RECORDS SHOWN.
[Start of Attachment]

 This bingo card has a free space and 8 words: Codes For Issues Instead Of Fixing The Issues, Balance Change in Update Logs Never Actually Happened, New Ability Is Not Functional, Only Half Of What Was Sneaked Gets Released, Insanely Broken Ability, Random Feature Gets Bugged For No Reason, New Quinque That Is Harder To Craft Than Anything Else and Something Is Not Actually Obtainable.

[End of Attachment]
[Start of Attachment]

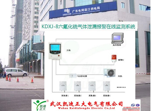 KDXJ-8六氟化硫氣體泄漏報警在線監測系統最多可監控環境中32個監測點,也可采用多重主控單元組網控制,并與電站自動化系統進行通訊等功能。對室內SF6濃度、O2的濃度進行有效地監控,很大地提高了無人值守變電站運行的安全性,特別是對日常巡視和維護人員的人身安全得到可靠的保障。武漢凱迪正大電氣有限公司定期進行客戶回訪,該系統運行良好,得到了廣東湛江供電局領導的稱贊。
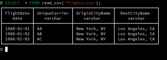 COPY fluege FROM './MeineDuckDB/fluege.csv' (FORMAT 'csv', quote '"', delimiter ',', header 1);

[End of Attachment]

ABOUT THIS EXERCISE.
Your copy should hold the lines from the one with "KDXJ-8六氟化硫氣體泄漏" up to and including the one with "COPY fluege FROM", exactly as in the data above, and no pictures.

RESULT OF THE TASK.
 KDXJ-8六氟化硫氣體泄漏報警在線監測系統最多可監控環境中32個監測點,也可采用多重主控單元組網控制,并與電站自動化系統進行通訊等功能。對室內SF6濃度、O2的濃度進行有效地監控,很大地提高了無人值守變電站運行的安全性,特別是對日常巡視和維護人員的人身安全得到可靠的保障。武漢凱迪正大電氣有限公司定期進行客戶回訪,該系統運行良好,得到了廣東湛江供電局領導的稱贊。
 COPY fluege FROM './MeineDuckDB/fluege.csv' (FORMAT 'csv', quote '"', delimiter ',', header 1);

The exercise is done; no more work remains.